More On Slurm Jobs & migration
Job Runtime Environment in Slurm
When a job is submitted, Slurm will store all environment variables in-place at submission time and replicate that environment on the first allocated node where the batch script actually runs.
Additionally, at run time, Slurm will set a number of shell environment variables that relate to the job itself and can be used in the job run. The Slurm documentation’s manpage onĀ sbatch provides an exhaustive guide, but we highlight some useful ones here.
#SBATCH Directives
In line with most batch schedulers, Slurm uses directives in submission scripts to specify job requirements and parameters for a job – the #SBATCH directives. Thus for an MPI task we might typically have:
#SBATCH -p compute #SBATCH -o runout.%J #SBATCH -e runerr.%J #SBATCH --job-name=mpijob #SBATCH -n 80 #SBATCH --tasks-per-node=40 #SBATCH --exclusive #SBATCH -t 0-12:00 #SBATCH --mem-per-cpu=4000
Walking through these:
Slurm #SBATCH directive | Description |
---|---|
#SBATCH --partition=compute or #SBATCH -p compute | In Slurm, jobs are submitted to 'partitions'. Despite the naming difference, the concept is the same. |
#SBATCH --output=runout.%J or #SBATCH -o runout.%J | File for STDOUT from the job run to be stored in.

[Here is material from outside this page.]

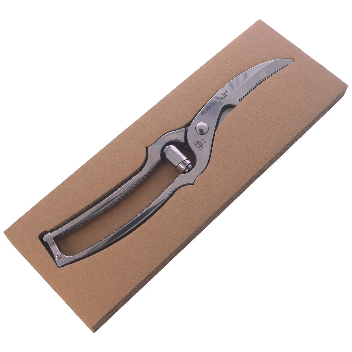 - Gazzella, stalowe nożyce do porcjowania drobiu: kurczaków, indyków, kaczek włoskiej marki Due Cigni. Wykonane ze stali nierdzewnej. Dzięki specjalnej dźwigni podczas krojenia nie trzeba wkładać wysiłku. Długość nożyc wraz z uchwytem wynosi 25 cm.
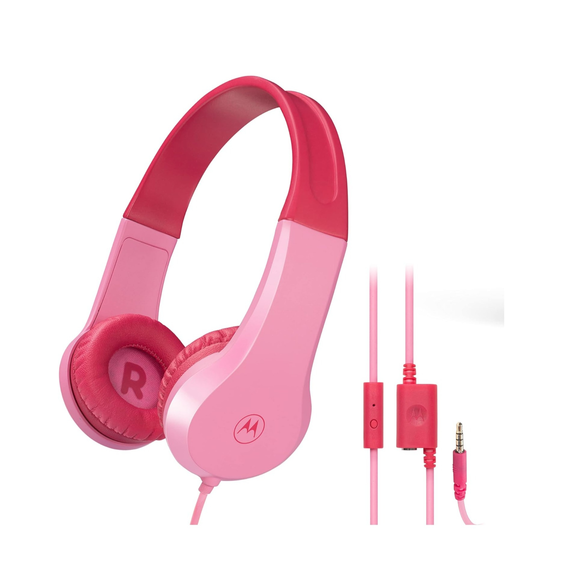 Moto JR200 Kinder Kopfhörer 3.5mm Klinke On-Ear Headset 85dB Begrenzte Lautstärke Grössenverstellbar (JR200PK) - Pink

The '%J' to Slurm is replaced with the job number. |
#SBATCH --error=runerr.%J or #SBATCH -e runerr.%J | File for STDERR from the job run to be stored in. The '%J' to Slurm is replaced with the job number. |
#SBATCH --job-name=mpijob | Job name, useful for monitoring and setting up inter-job dependency. |
#SBATCH --ntasks=128 or #SBATCH -n 128 | Number of processors required for job. |
#SBATCH --tasks-per-node=16 | The number of processors (tasks) to run per node. |
#SBATCH --exclusive | Exclusive job allocation - i.e. no other users on allocated nodes. |
#SBATCH --time=0-12:00 or #SBATCH -t 0-12:00 | Maximum runtime of job. Note that it is beneficial to specify this and not leave it at the maximum as it will improve the chances of the scheduler 'back-filling' the job and running it earlier. |
#SBATCH --mem-per-cpu=4000 | Memory requirements of job. Slurm's memory-based scheduling is more powerful than many schedulers. |
Environment Variables
Once an allocation has been scheduled and a job script is started (on the first node of the allocation), Slurm sets a number of shell environment variables that can be used in the script at runtime. Below is a summary of some of the most useful:
Slurm | Description |
---|---|
$SLURM_JOBID | Job ID. |
$SLURM_JOB_NODELIST | Nodes allocated to the job i.e. with at least once task on. |
$SLURM_ARRAY_TASK_ID | If an array job, then the task index. |
$SLURM_JOB_NAME | Job name. |
$SLURM_JOB_PARTITION | Partition that the job was submitted to. |
$SLURM_JOB_NUM_NODES | Number of nodes allocated to this job. |
$SLURM_NTASKS | Number of tasks (processes) allocated to this job. |
$SLURM_NTASKS_PER_NODE (Only set if the --ntasks-per-node option is specified) | Number of tasks (processes) per node. |
$SLURM_SUBMIT_DIR | Directory in which job was submitted. |
$SLURM_SUBMIT_HOST | Host on which job was submitted. |
$SLURM_PROC_ID | The process (task) ID within the job. This will start from zero and go up to $SLURM_NTASKS-1. |
System Queues & Partitions in Slurm
Please use the sinfo command to see the names of the partitions (queues) to use in your job scripts. If not specified, the default partition will be used for job submissions. sinfo -s will give a more succinct partition list. Please see the Hawk and Sunbird pages for a list of partitions and their descriptions on each system.